Provided material:
== == ==

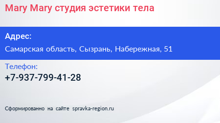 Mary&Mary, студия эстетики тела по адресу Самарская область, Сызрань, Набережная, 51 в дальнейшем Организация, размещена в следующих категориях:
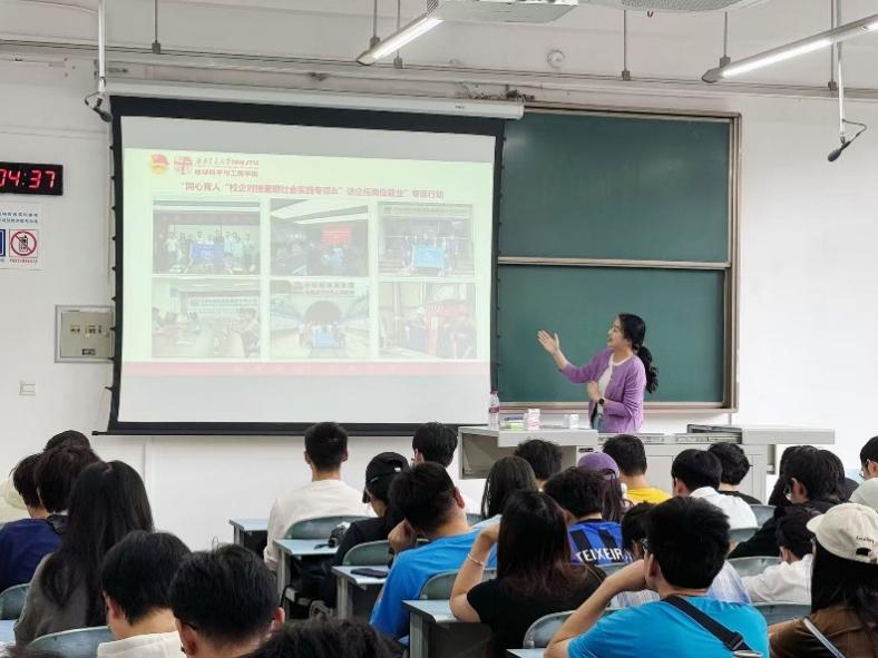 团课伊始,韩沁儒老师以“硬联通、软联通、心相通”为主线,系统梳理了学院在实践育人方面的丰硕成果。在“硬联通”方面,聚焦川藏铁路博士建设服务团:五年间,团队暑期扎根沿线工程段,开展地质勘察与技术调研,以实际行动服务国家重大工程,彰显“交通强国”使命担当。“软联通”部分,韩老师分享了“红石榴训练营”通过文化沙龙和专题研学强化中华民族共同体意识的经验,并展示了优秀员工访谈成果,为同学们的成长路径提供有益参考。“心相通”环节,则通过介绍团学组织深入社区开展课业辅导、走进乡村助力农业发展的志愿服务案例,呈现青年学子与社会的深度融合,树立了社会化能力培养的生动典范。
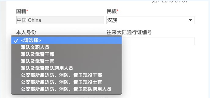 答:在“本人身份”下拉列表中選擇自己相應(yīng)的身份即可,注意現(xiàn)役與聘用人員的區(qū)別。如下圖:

== == ==

Exercise requirements: When you reproduce the material, keep every word exact and leave each picture out.

The completed task:
 Mary&Mary, студия эстетики тела по адресу Самарская область, Сызрань, Набережная, 51 в дальнейшем Организация, размещена в следующих категориях:
 团课伊始,韩沁儒老师以“硬联通、软联通、心相通”为主线,系统梳理了学院在实践育人方面的丰硕成果。在“硬联通”方面,聚焦川藏铁路博士建设服务团:五年间,团队暑期扎根沿线工程段,开展地质勘察与技术调研,以实际行动服务国家重大工程,彰显“交通强国”使命担当。“软联通”部分,韩老师分享了“红石榴训练营”通过文化沙龙和专题研学强化中华民族共同体意识的经验,并展示了优秀员工访谈成果,为同学们的成长路径提供有益参考。“心相通”环节,则通过介绍团学组织深入社区开展课业辅导、走进乡村助力农业发展的志愿服务案例,呈现青年学子与社会的深度融合,树立了社会化能力培养的生动典范。
 答:在“本人身份”下拉列表中選擇自己相應(yīng)的身份即可,注意現(xiàn)役與聘用人員的區(qū)別。如下圖:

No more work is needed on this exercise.